**Task goal**
What is needed is an exact copy of the lines in the listing below, from the one with "iPhone tough 13" up to and including the one with "Pri tem ne gre", with no other lines.

**Extracted entries**
Content starts

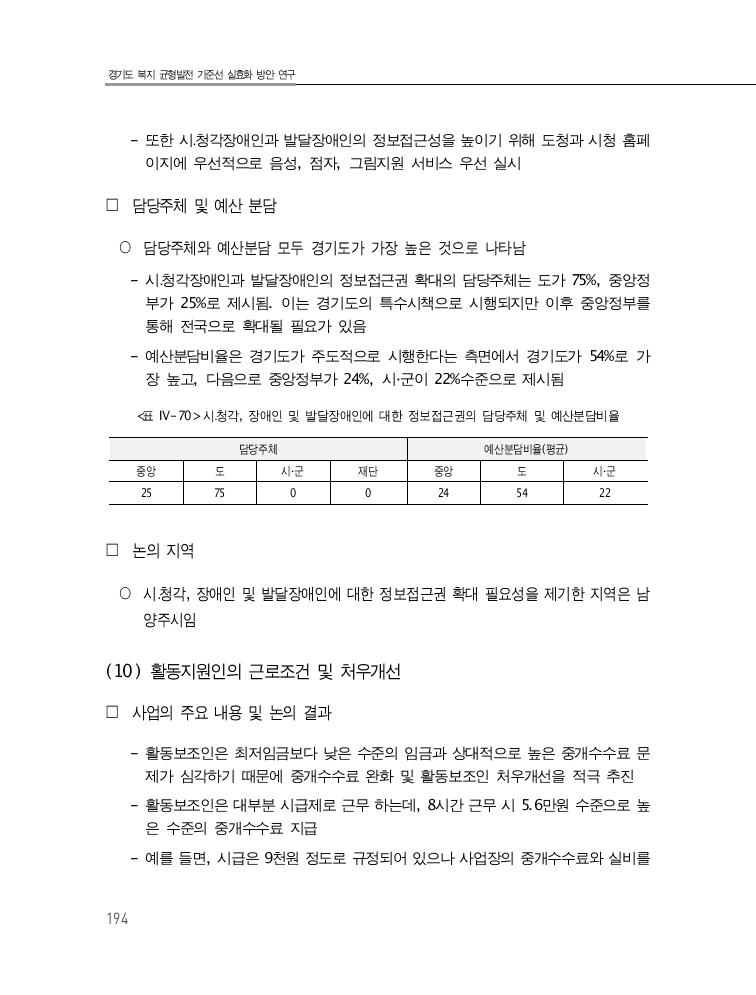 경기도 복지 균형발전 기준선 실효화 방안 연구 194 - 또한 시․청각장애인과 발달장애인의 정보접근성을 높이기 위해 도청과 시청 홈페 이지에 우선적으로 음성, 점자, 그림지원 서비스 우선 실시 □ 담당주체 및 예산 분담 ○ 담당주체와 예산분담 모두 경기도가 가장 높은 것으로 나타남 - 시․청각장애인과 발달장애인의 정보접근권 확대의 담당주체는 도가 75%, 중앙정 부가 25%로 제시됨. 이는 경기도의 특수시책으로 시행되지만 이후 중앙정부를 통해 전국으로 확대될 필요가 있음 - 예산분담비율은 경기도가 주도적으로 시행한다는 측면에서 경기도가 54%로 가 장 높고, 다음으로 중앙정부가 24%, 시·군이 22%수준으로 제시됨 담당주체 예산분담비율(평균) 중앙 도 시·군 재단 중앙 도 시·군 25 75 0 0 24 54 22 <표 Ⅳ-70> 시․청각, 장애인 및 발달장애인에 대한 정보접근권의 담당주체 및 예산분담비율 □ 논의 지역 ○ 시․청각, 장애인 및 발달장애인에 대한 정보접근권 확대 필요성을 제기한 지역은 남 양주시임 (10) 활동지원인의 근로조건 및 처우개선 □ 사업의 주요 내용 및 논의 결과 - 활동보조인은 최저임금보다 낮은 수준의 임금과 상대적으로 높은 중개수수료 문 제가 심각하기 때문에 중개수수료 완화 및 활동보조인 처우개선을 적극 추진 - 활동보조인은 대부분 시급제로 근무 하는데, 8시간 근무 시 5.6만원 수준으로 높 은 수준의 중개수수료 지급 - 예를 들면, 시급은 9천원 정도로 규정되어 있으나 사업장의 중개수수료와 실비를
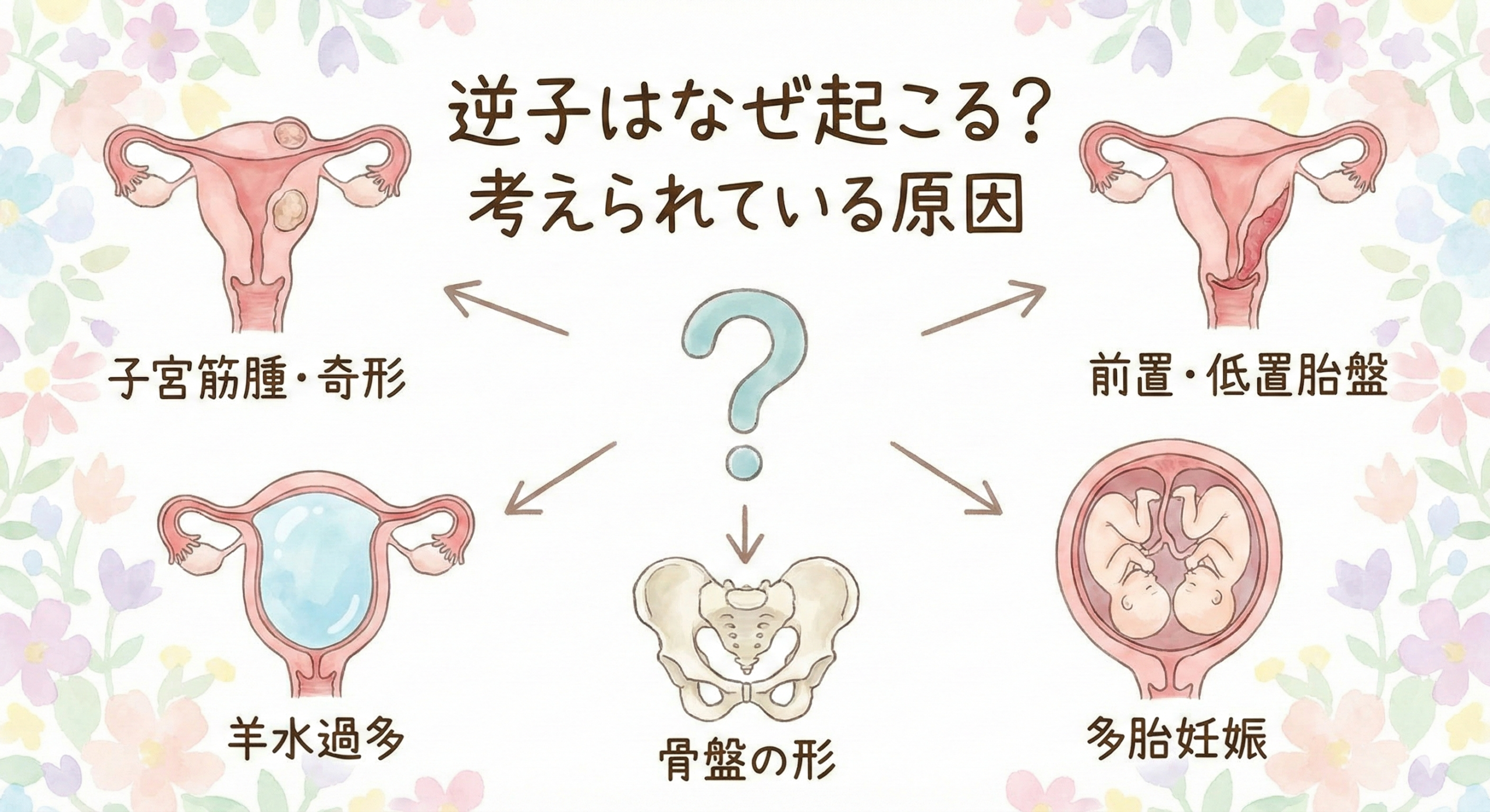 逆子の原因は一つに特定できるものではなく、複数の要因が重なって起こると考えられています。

Content ends
Content starts

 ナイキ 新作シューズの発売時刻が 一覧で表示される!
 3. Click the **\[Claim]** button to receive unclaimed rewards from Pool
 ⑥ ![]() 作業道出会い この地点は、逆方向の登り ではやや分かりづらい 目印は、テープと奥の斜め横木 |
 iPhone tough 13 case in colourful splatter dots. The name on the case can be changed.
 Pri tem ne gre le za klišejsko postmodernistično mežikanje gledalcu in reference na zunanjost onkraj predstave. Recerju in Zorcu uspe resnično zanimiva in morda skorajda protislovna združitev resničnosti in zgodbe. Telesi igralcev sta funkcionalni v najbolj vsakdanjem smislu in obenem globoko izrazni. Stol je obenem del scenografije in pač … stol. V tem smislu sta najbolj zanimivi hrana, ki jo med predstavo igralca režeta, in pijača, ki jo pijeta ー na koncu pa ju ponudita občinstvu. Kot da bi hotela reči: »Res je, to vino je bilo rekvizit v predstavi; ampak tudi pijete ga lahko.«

Content ends

**Solution for this exercise**
 iPhone tough 13 case in colourful splatter dots. The name on the case can be changed.
 Pri tem ne gre le za klišejsko postmodernistično mežikanje gledalcu in reference na zunanjost onkraj predstave. Recerju in Zorcu uspe resnično zanimiva in morda skorajda protislovna združitev resničnosti in zgodbe. Telesi igralcev sta funkcionalni v najbolj vsakdanjem smislu in obenem globoko izrazni. Stol je obenem del scenografije in pač … stol. V tem smislu sta najbolj zanimivi hrana, ki jo med predstavo igralca režeta, in pijača, ki jo pijeta ー na koncu pa ju ponudita občinstvu. Kot da bi hotela reči: »Res je, to vino je bilo rekvizit v predstavi; ampak tudi pijete ga lahko.«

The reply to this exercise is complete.